Всё собрание молчало. Слова королевы были так решительны, были сказаны с такой силой, что поначалу никто не отважился возвысить голос.

Они ещё смущённо смотрели друг на друга, когда Доброгост из Нового Двора, епископ Познаньский, мягко начал:

– Милостивая государыня. Когда вас призвали на польский трон, этот брак был торжественно расторгнут королевой Елизаветой.

– Но я сохранила его в сердце, – ответила важно Ядвига. – Никто не может освободить меня от клятвы… Не знаю и знать не хочу, – повторила она, – другого мужа, кроме него.

Бодзанта отважился промолвить, делая свой голос как можно более сердечней:

– Королева и наша госпожа, тут речь идёт о том, чтобы вырвать из когтей дьявола души, об обращении тысячи язычников… Нет такого брака, от которого бы Рим не освободил, когда этим можно купить обращение целого народа.

Королева опустила глаза, мгновение она молчала.

– Никакая сила не может вынудить меня к вероломству, – сказала она.

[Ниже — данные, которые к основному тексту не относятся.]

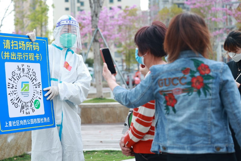 在各个核酸检测采样点,这些志愿者们在防护服上写下的“新桥街道抗疫青年突击队”字样特别显眼。他们在现场引导居民群众戴好口罩,保持安全距离,有序排队采样,并安排老弱病残孕等特殊群体走绿色通道。他们一遍遍重复同样的话,不厌其烦地讲解采样流程和防疫政策。他们中,不仅有“夫妻档”“父女兵”“兄弟团”等志愿者组合,还有教师、白领、宝妈、外卖小哥等来自各行各业的、不同年龄段的志愿者。

Окружающие паны снова какое-то время молчали, пока Ясько из Тенчина не начал говорить:

– Это дело слишком великое и важное, чтобы решить его в одну минуту и одним словом отстранить. Ваша милость, у вас есть время подумать, а ваше благочестивое сердце склонит вас, несмоненно, совершить великое дело. Если обращение язычников будет стоить даже великой жертвы, никогда невозможно слишком дорого оплатить то, что приносит Христу и Церкви.

По попеременно бледнеющим и пламенеющим щекам кокоролевы потекли два ручейка слёз. Ясько сжалился и перестал говорить, а Ядвига подняла глаза и обрела храбрость. – Я скорее откажусь от короны и королевства, чем нарушу клятву, – прибавила королева дрожащим голосом.

– Быть может, – сказал тихо епископ Доброгост, – что вашей милости люди злой воли и несведущие будут рассказывать несусветные вещи об этом короле язычников. Но я, который был в Литве и видел его своими глазами, могу засведительствовать, что мать у него христианка, он готов креститься, и, впрочем, пан мягкий по натуре, добрый и любезный; не так дик, не так жесток, как мог быть язычник, если бы с колыбели и с молоком не вкусил святой веры.

Опустив глаза на бахрому платья, королева равнодушно слушала. Казалось, её это мало волнует.

Бодзанта заговорил вновь:

– Это благословение Божье над вами, милостивая пани, что сразу у подножия трона Он даёт вам пальму победителя, миссионерскую заслугу. Века и народы будут почитать память о вас.

– Отец мой, – прервала королева, – я не чувствую себя достойной этого величия, а только хочу быть чистой в своей совести…

– Ваша милость, – вставил Винсент из Купы, воевода, – вы не будете ничем связаны, если примите посольство Ягайллы, которое он задумал сюда отправить. Мы не можем его оттолкнуть, он желанен как союзник, и был бы опасен для нас как враг.

Королева испуганными глазами посмотрела на собравшихся, спрашивая о посольстве, и ничего не сказала. Затем маршалек Николай из Бжезия прибавил:

– Послам от кого бы то ни было на свете не отказывают. Вы можете принять предложение, или нет, взвесить условия, но презирать добрую волю и вытянутую руку соседа не годится.

Все это подтвердили.

– Как это? Значит, они уже послов отправили? – спросила удивлённая королева.

– Нет, но нам о них объявили, – сказал Ясько из Тенчина.

Беспокойство, которое овладело королевой, слёзы, катившиеся из глаз, волнение, доказывающее о тяжёлом мучении, сократили аудиенцию.

Ясько из Тенчина подошёл, склоняясь к её коленям.

– Успокойтесь, ваша милость, отгоните всякий страх. Мы желаем вам счастья, силой не будем. Ваша милость, с Божьей помощью вы сами увидите и убедитесь, что в ваших руках спасение тысяч душ. Вы не дадите им погибнуть! Вы не оттолкнёте наших просьб и мольбы!

Все по очереди шли прощаться с онемевшей от боли и испуга королевой, бледной, ослабевшей. Епископы тоже подошли с благословением и словами утешения. Радлица подошёл последним.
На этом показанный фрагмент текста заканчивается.